▸ **DIRECTIONS**: Look below for the line that contains "This distance set" and the line that contains "Schebitz Frank Dipl.", then restate both of them and every line in between, exactly. No picture goes in the copy.

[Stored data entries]
-----

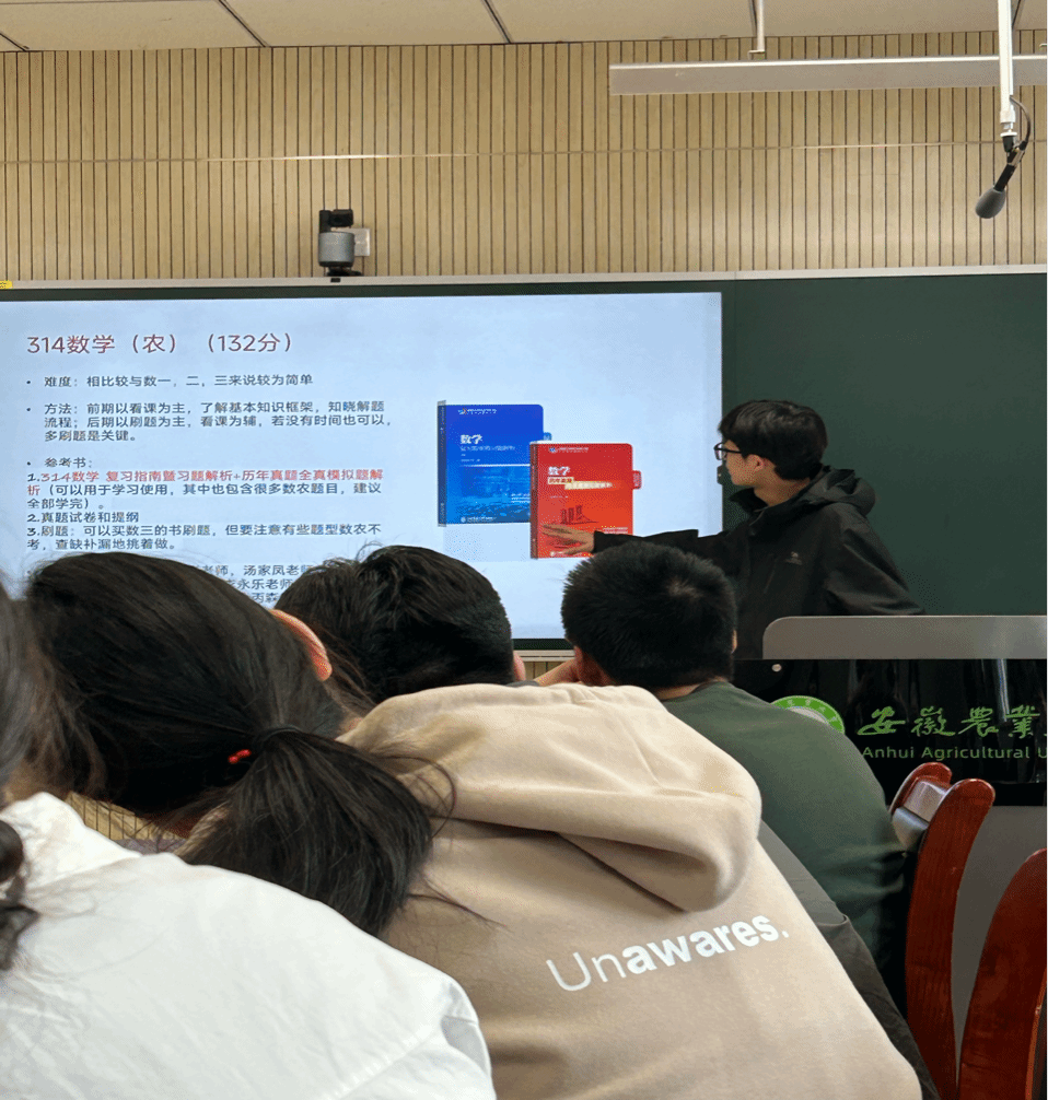 本网讯 4月20日中午,2021级水产养殖学辅导员邀请2020级水产养殖学马慧影、罗招源、何毅伟三名同学在动科院306会议室向2021级水产养殖学班全体同学分享考研经验。
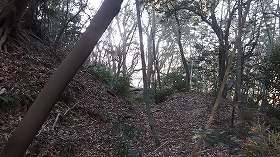 ちなみに、この横堀は北側に回り込むと普通の横堀となっており、西側の尾根部分まで続いてそこで終了している。
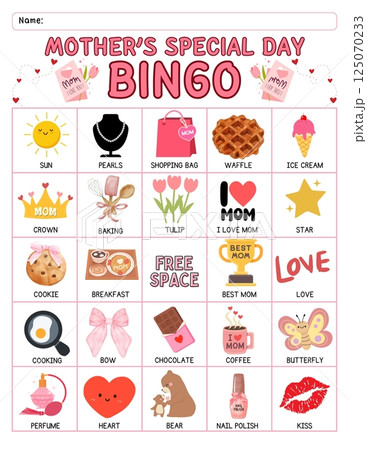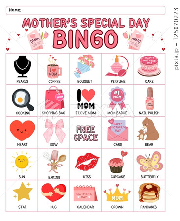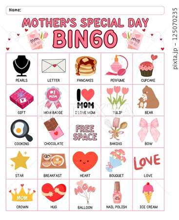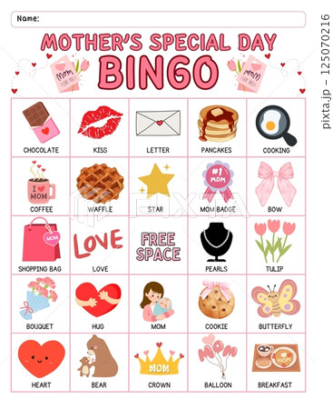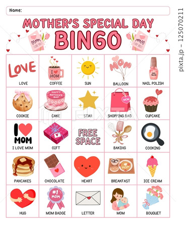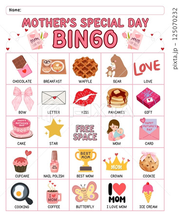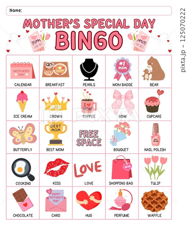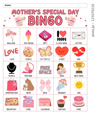 Mother's Day bingo game for kids with colorful printable cards, calling cards, and cute designed for preschool and classroom homeschool activity educational learning fun during springtime
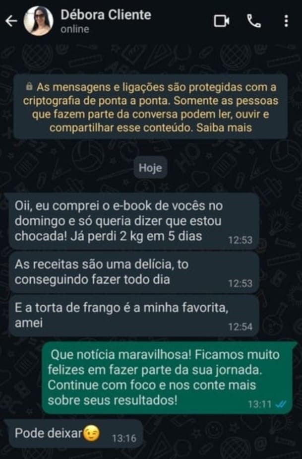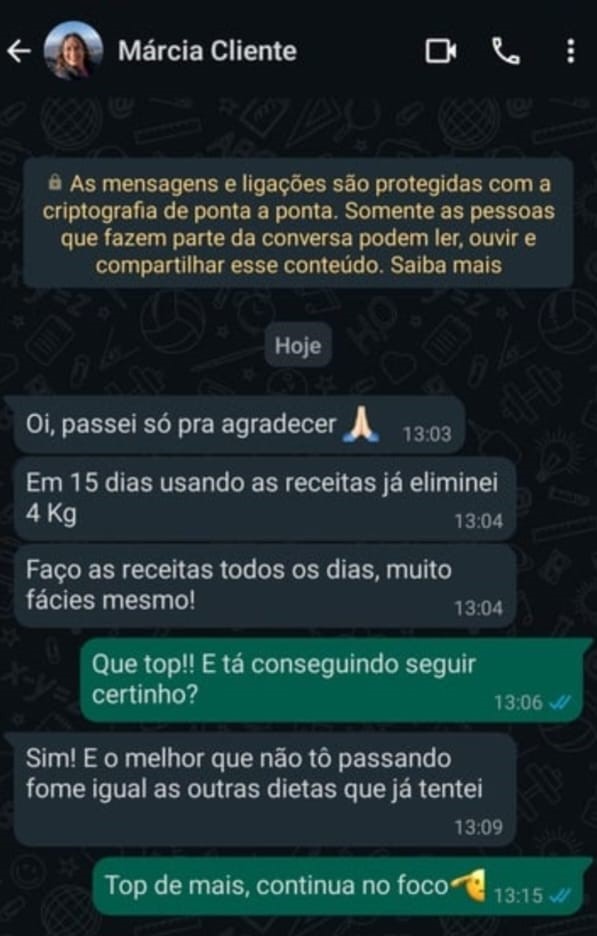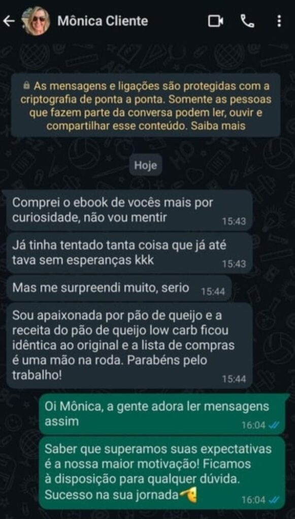 “Perdi 8 kg em 1 mês sem deixar de comer o que amo! recuperei minha autoestima. A coxinha low carb é minha salvação!”
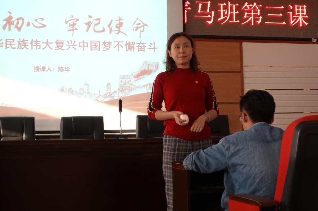 11月5日,计通学院于云塘校区理科楼B311举行了第十期“青马班”第三次课程——“不忘初心、牢记使命”主题教育。本次活动由计通学院党委副书记陈华担任主讲。组织部副部长陈丽芳担任主持。院团委书记潘枝花,研究生辅导员易亭亭出席。计通学院团委学生会,院研究生会全体成员参加。
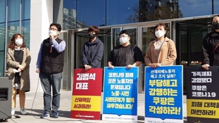 쿠팡 피해 노동자들이 코로나19 대규모 감염과, 연이은 산재사고에 대한 쿠팡의 사과와 대책마련을 촉구했다. 이들은 154명의 쿠팡발 대규모 감염...
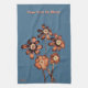 Image légèrement stylisée, marron et orange, de cinq fleurs en cônes de tarte sur un arrière - plan bleu neutre. Ajoutez votre propre texte.
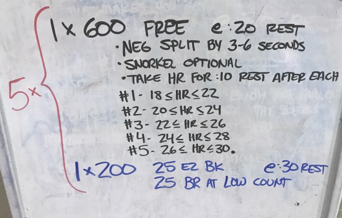 This distance set was designed for a medium intensity day — I wanted the swimmers to descend the 600s without going all out. It was also an opportunity to get a better individual sense of how effort relates to heart rate.
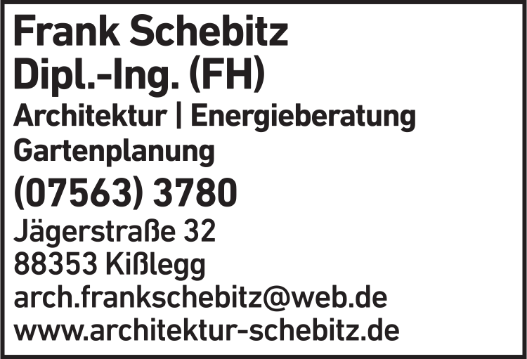Schebitz Frank Dipl. - Ing. Architekt 07563 37 80 Kißlegg Jägerstr. 32 88353
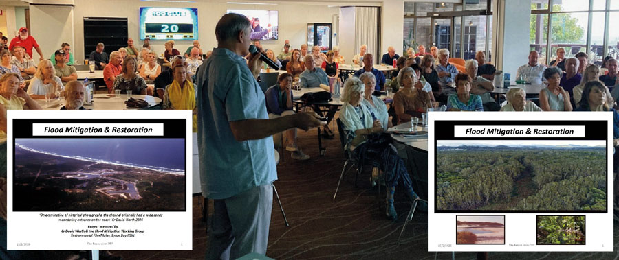 David Warth speaking at the community flood meeting held at Ocean Shores
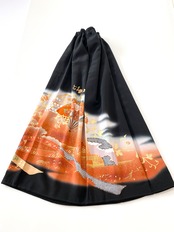 黒留袖着物をリメイクして作製したウエストゴムロングスカートフリーサイズです
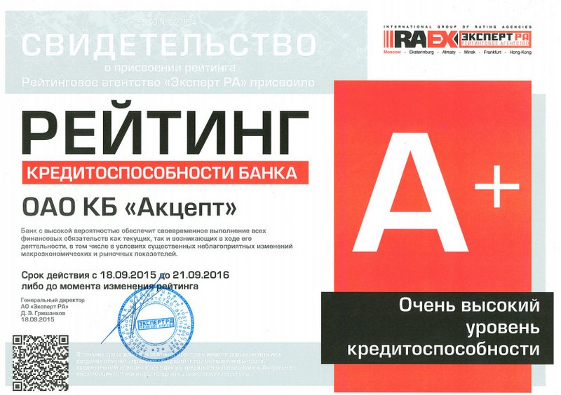 Рейтинговое агентство RAEX (Эксперт РА) в очередной раз подтвердило рейтинг кредитоспособности КБ «Акцепт» на уровне А+ «Очень высокий уровень кредитоспособности», прогноз по рейтингу «стабильный».
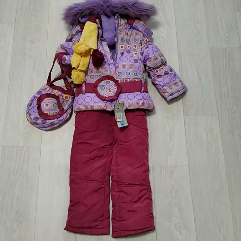 костюм отличного качества, много аксессуаров- жилет, шарф, сумка. Мех отстёгивается от капюшона, капюшон от куртки, жилет состегивается с курткой, можно все носить по отдельности. получается и демо и зима.Рукав на манжетах. Рекомендуемый размер92. Размеры : рукав 39 от плеча, 30 внутренний. длина 48, объем 34. брюки- от пояса 60, шаг 39, объем по бёдрам 36
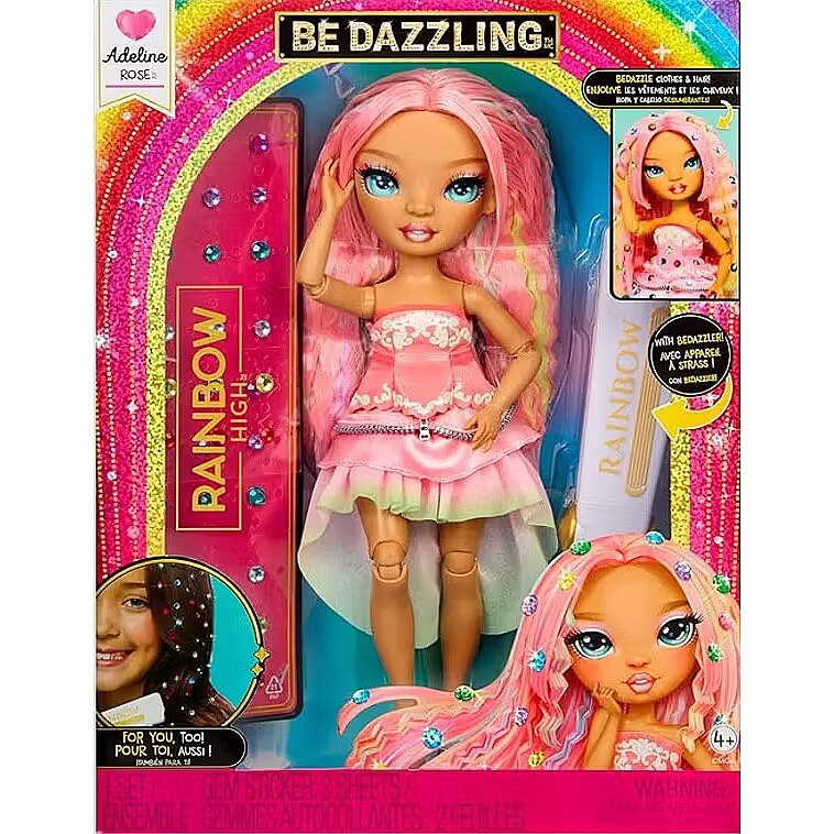 LongSummaryDescription - Rainbow High Be Dazzling Fashion Dolls - Adeline Rose (Pink). Doll type: Fashion doll, Doll's gender: Female, Recommended age (min): 4 yr(s), Suggested gender: Boy/Girl, Material: Fabric, Plastic, Product colour: Rose
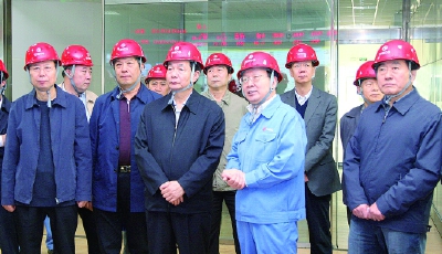 姜新文一行察看了4350立方米高炉和不锈钢冷连轧生产线,参观了技术中心展厅。
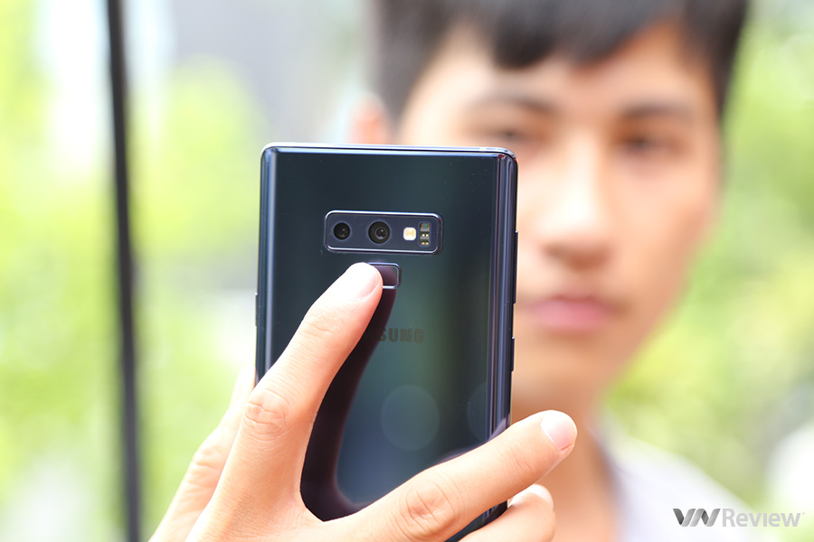 Cảm biến vân tay được đặt ở vị trí dễ bấm hơn, không dễ bấm nhầm vào camera như Note 8.
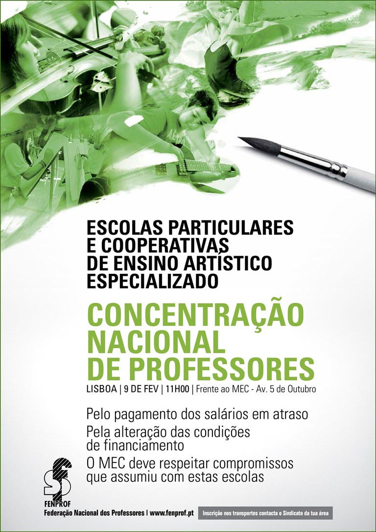 - Prevenindo a eventual necessidade de justificar faltas ao serviço por parte dos docentes que não tenham outra forma de o fazer, a FENPROF apresentou pré-aviso de greve para o dia 9 de fevereiro, entre as zero e as vinte quatro horas, abrangendo todos os docentes que exerçam funções nas escolas particulares e cooperativas do ensino artístico especializado.
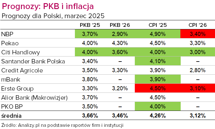 Prognozy PKB i inflacji na 2025 i 2026 rok (marzec 2025)
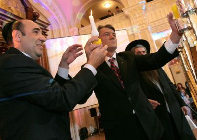 ![]() Президент Украины Виктор Ющенко и Вадим Рабинович на праздновании Хануки в Центральной синагоге Киева |
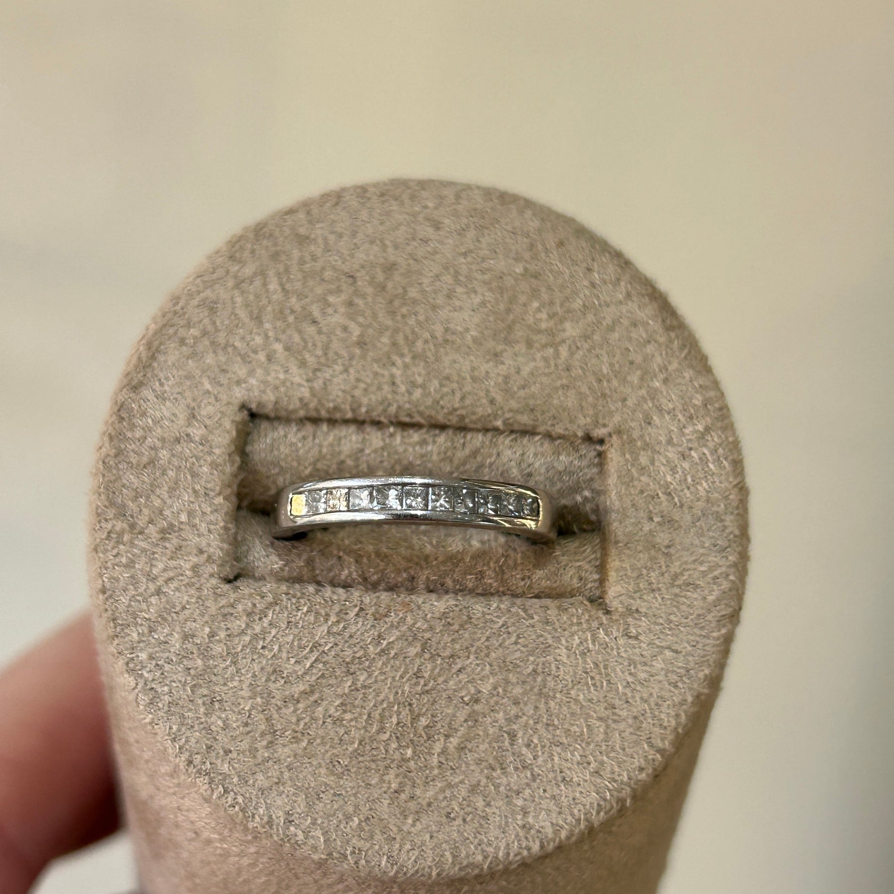 Platinum pre-loved eternity ring held by hand with soft focus background
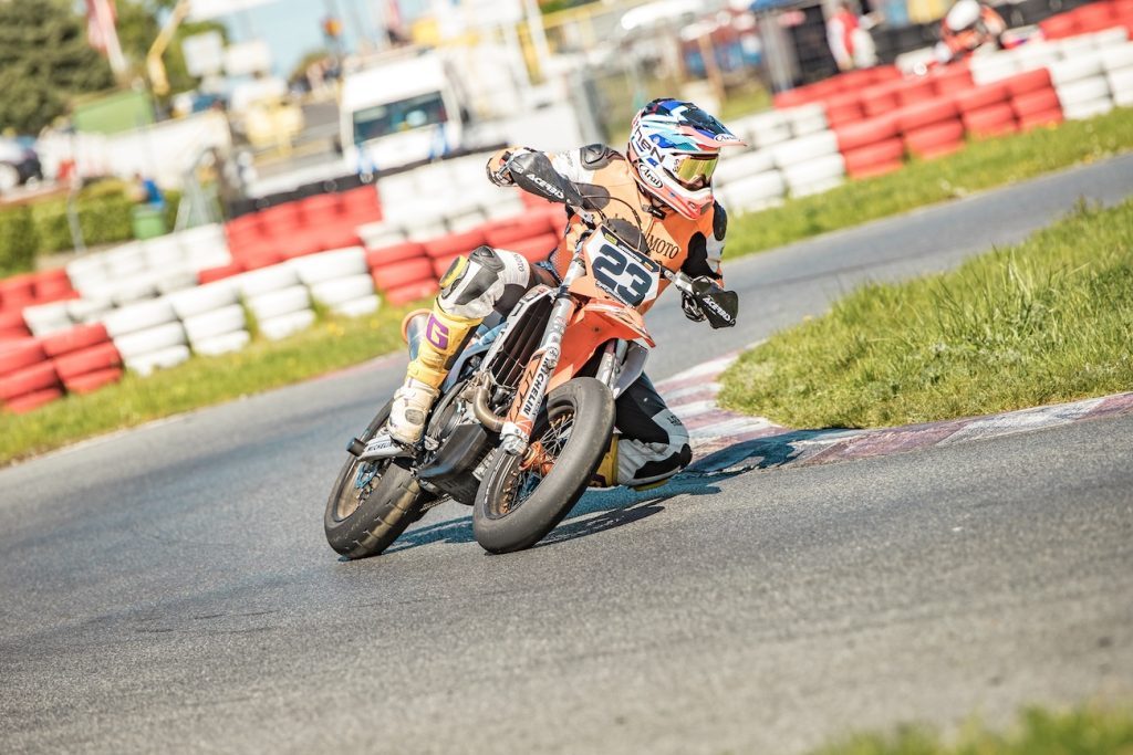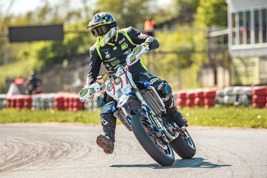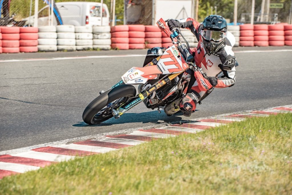 „Nigdy wcześniej nie jeździłem w supermoto – ścigałem się tylko na asfalcie: pitbike’i, Ninja 250… aż zobaczyłem mistrzostwa świata w Słomczynie w 2025 roku. To był moment, który wszystko zmienił. Połączenie asfaltu i off-roadu? Brzmiało hardkorowo – i właśnie dlatego musiałem spróbować. Już po pierwszej rundzie wiem, że to była świetna decyzja. Jazda na zmianę po torze i ziemi to totalna frajda! Off-road SM to dla mnie nowość, ale te uślizgi, skoki i szybki powrót na asfalt dają niesamowite emocje. Myślałem, że będzie dużo trudniej, a jest po prostu MEGA zabawa. Jeśli kochasz motory, adrenalinę i nowe wyzwania – spróbuj supermoto. Gwarantuję, że się zakochasz!”
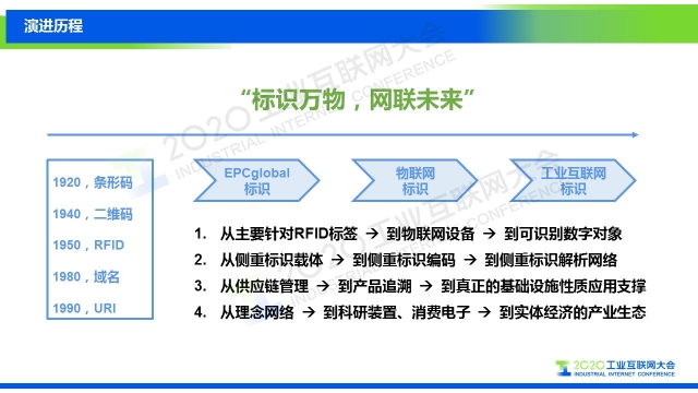 “工業互聯網標識解析未來的發展路徑將是多種體系長期共存,標識解析的服務網絡將是核心關鍵。從技術的角度分析,標識解析的對象可以分為識別虛擬資源和識別物理資源兩類。標識載體按照通信能力也可以劃分為兩類,一類是被動的標識載體,包括條形碼、二維碼、頻射電子標簽等,被動標識載體是現階段的主要形式;另一類是主動標識載體,包括像UICC卡、通信模組、智能芯片等具有雙向通信、可靈活更改、安全增強等突出優勢的載體,這也將是未來發展的趨勢,目前主動標識載體的比例正在逐步增加,網絡化標識解析的應用潛力非常大。”
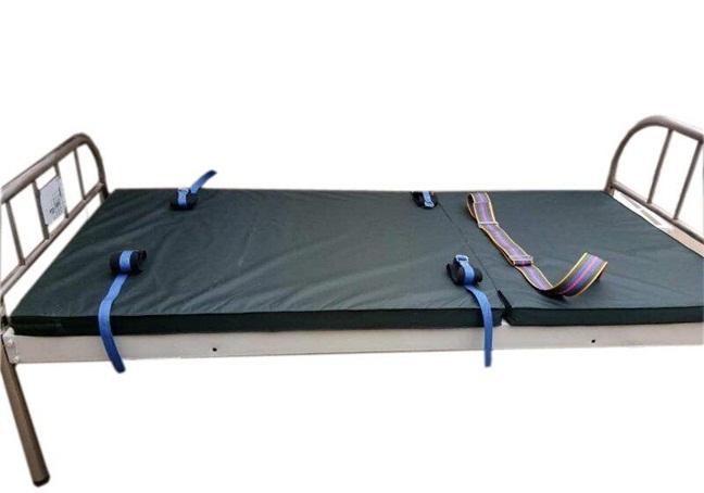 该约束床包括床架、固定于床架上的床板,床板上根据患者躺卧的足踝部、手腕部、胸部位置分别固定有约束带。本实用新型结构合理、科学,使用方便、安*全、有效,亦可称为“保护床”,主要用来对兴奋、冲动、伤人、毁物、自杀、自伤、违拗、治疗欠合作的病人和毒瘾发作的戒毒人员进行约束,在其对自身或者周围安全造成影响时加以干涉,避免意外发生。

-----

▸ **ANSWER TO THIS PROBLEM**:
 This distance set was designed for a medium intensity day — I wanted the swimmers to descend the 600s without going all out. It was also an opportunity to get a better individual sense of how effort relates to heart rate.
Schebitz Frank Dipl. - Ing. Architekt 07563 37 80 Kißlegg Jägerstr. 32 88353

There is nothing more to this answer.